* **Extracted records**
============
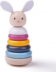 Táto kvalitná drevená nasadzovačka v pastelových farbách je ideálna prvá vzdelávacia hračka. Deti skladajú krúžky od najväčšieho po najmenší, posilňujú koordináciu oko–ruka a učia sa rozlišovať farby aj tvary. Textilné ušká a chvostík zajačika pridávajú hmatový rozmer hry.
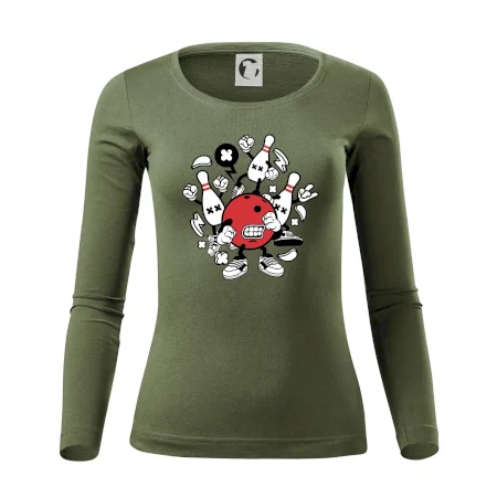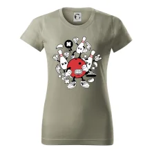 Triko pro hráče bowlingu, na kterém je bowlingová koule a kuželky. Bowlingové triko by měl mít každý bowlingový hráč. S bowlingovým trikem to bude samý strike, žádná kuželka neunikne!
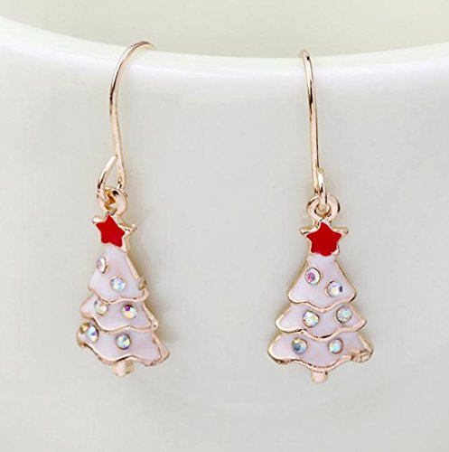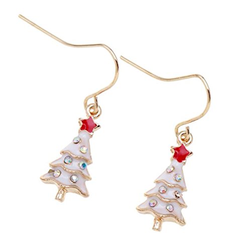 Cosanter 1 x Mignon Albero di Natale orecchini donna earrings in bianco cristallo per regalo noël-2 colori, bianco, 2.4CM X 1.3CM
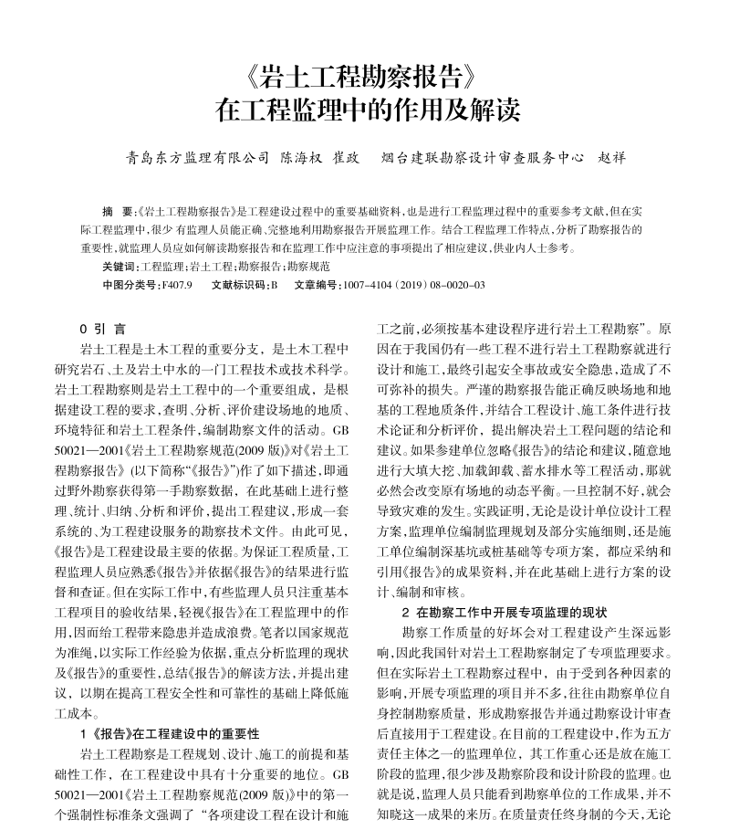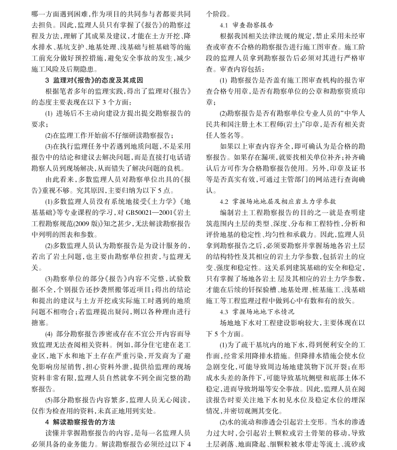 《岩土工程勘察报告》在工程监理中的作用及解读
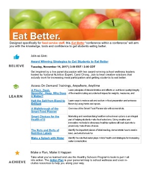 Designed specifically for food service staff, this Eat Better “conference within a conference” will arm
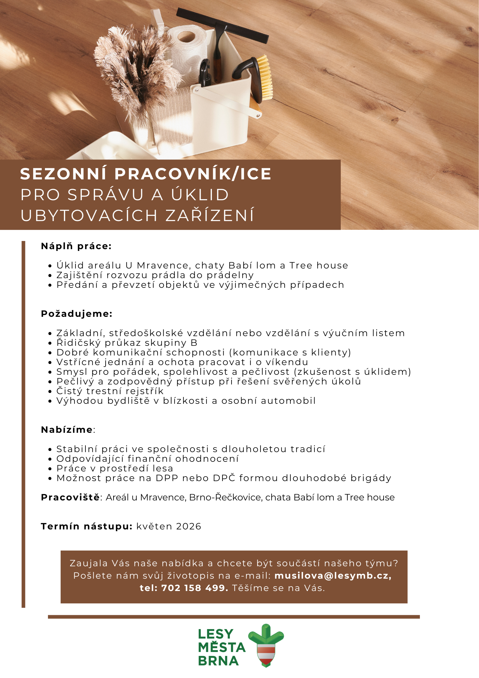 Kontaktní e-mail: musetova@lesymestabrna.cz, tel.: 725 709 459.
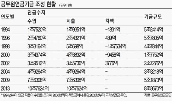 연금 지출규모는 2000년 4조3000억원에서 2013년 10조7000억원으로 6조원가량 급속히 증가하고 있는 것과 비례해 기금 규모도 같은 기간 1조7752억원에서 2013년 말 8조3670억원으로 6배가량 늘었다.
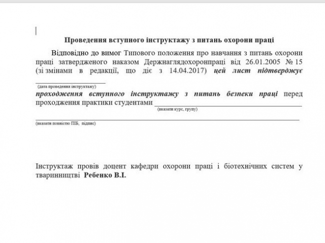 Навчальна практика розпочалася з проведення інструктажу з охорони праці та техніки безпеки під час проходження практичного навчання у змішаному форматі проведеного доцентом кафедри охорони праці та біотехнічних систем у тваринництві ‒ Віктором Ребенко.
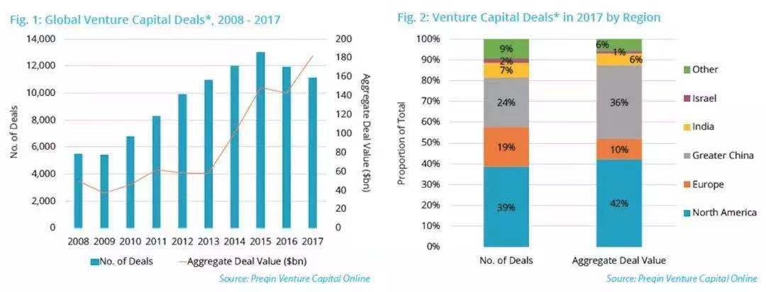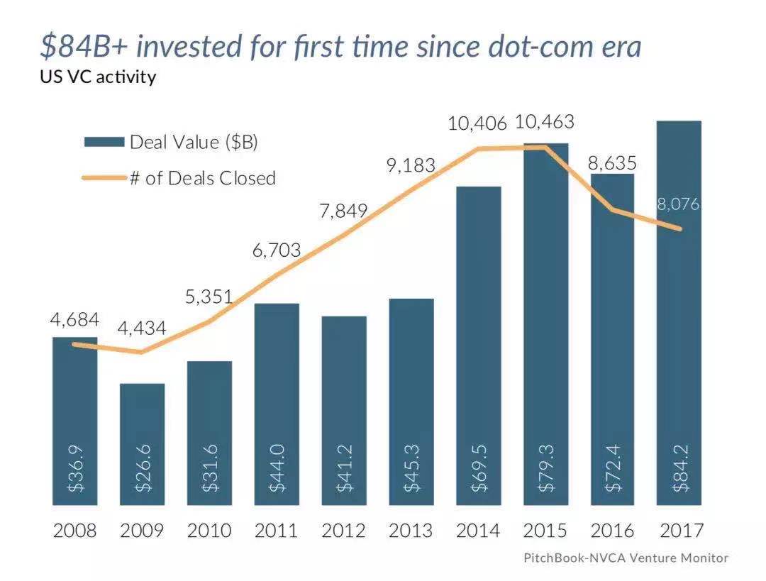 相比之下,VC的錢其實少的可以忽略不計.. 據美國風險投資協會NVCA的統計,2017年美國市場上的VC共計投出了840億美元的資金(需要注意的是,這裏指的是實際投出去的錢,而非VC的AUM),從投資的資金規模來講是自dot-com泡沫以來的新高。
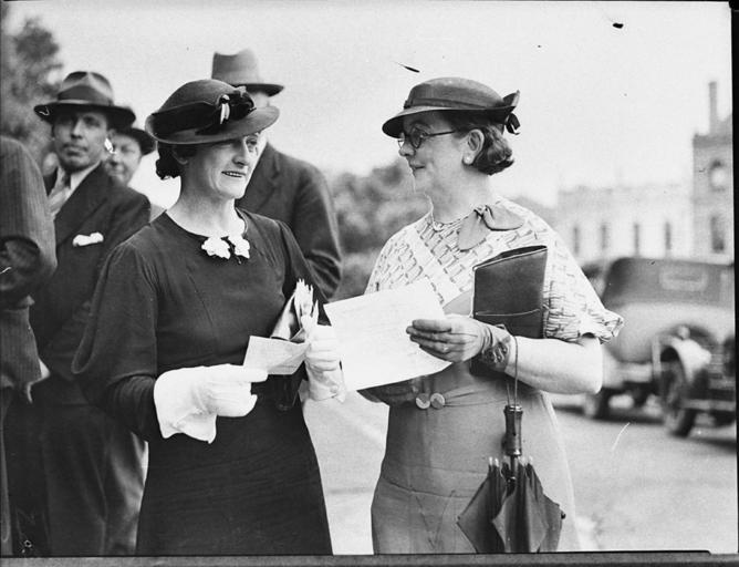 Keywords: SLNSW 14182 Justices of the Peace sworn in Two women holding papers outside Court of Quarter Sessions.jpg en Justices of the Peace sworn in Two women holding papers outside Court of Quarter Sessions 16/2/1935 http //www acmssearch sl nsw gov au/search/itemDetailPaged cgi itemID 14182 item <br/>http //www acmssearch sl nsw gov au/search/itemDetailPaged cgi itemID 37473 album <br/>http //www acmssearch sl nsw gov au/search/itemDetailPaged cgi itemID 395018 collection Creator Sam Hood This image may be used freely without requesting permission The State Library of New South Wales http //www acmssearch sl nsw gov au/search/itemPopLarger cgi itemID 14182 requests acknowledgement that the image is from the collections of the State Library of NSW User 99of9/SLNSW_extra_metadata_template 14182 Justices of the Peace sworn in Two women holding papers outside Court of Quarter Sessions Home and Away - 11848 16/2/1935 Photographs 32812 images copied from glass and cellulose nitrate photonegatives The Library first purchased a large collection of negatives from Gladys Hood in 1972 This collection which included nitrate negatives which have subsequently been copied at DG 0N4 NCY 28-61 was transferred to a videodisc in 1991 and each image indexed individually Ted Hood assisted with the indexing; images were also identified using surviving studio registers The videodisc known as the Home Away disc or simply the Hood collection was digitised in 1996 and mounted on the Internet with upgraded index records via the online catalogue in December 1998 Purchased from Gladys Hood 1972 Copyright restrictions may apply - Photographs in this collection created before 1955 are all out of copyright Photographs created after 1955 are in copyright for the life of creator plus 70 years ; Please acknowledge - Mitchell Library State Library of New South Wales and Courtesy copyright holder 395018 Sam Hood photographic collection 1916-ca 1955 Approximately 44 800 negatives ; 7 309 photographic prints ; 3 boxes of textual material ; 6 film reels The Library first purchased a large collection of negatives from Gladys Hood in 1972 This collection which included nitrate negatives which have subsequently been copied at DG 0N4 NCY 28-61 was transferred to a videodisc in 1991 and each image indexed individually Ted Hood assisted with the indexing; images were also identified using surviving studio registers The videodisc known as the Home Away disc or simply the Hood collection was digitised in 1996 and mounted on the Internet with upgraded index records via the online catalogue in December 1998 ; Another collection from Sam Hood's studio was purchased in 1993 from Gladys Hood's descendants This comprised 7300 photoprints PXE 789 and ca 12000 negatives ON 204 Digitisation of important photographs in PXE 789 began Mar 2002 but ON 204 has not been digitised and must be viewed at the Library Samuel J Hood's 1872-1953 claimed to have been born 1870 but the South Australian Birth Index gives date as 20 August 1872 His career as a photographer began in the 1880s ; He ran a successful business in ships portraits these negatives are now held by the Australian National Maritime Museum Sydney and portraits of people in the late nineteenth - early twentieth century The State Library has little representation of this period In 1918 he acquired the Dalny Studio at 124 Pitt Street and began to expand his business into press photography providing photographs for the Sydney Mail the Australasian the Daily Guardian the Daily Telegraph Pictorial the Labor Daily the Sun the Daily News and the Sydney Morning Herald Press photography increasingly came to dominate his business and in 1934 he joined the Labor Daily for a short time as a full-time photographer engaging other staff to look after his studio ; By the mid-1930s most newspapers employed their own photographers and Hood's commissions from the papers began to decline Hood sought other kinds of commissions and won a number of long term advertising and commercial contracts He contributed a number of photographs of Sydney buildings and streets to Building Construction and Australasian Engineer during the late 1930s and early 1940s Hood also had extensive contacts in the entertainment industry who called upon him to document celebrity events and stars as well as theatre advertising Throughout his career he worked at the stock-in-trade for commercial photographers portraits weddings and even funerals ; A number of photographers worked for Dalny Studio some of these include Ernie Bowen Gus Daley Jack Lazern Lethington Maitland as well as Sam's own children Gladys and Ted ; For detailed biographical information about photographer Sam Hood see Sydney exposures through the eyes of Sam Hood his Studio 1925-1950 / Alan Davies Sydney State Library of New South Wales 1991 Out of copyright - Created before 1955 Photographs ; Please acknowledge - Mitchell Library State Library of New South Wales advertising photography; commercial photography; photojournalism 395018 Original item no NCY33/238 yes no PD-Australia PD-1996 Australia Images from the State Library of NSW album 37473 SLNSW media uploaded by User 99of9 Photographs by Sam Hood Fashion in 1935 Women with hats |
============
* **REQUIRED ACTION**
Set the pictures aside and retype exactly the lines above from the line with "연금 지출규모는 2000년" to the line with "相比之下,VC的錢其實少的可", both included, adding no others.

* **THE COMPLETED TASK**
 연금 지출규모는 2000년 4조3000억원에서 2013년 10조7000억원으로 6조원가량 급속히 증가하고 있는 것과 비례해 기금 규모도 같은 기간 1조7752억원에서 2013년 말 8조3670억원으로 6배가량 늘었다.
 Навчальна практика розпочалася з проведення інструктажу з охорони праці та техніки безпеки під час проходження практичного навчання у змішаному форматі проведеного доцентом кафедри охорони праці та біотехнічних систем у тваринництві ‒ Віктором Ребенко.
 相比之下,VC的錢其實少的可以忽略不計.. 據美國風險投資協會NVCA的統計,2017年美國市場上的VC共計投出了840億美元的資金(需要注意的是,這裏指的是實際投出去的錢,而非VC的AUM),從投資的資金規模來講是自dot-com泡沫以來的新高。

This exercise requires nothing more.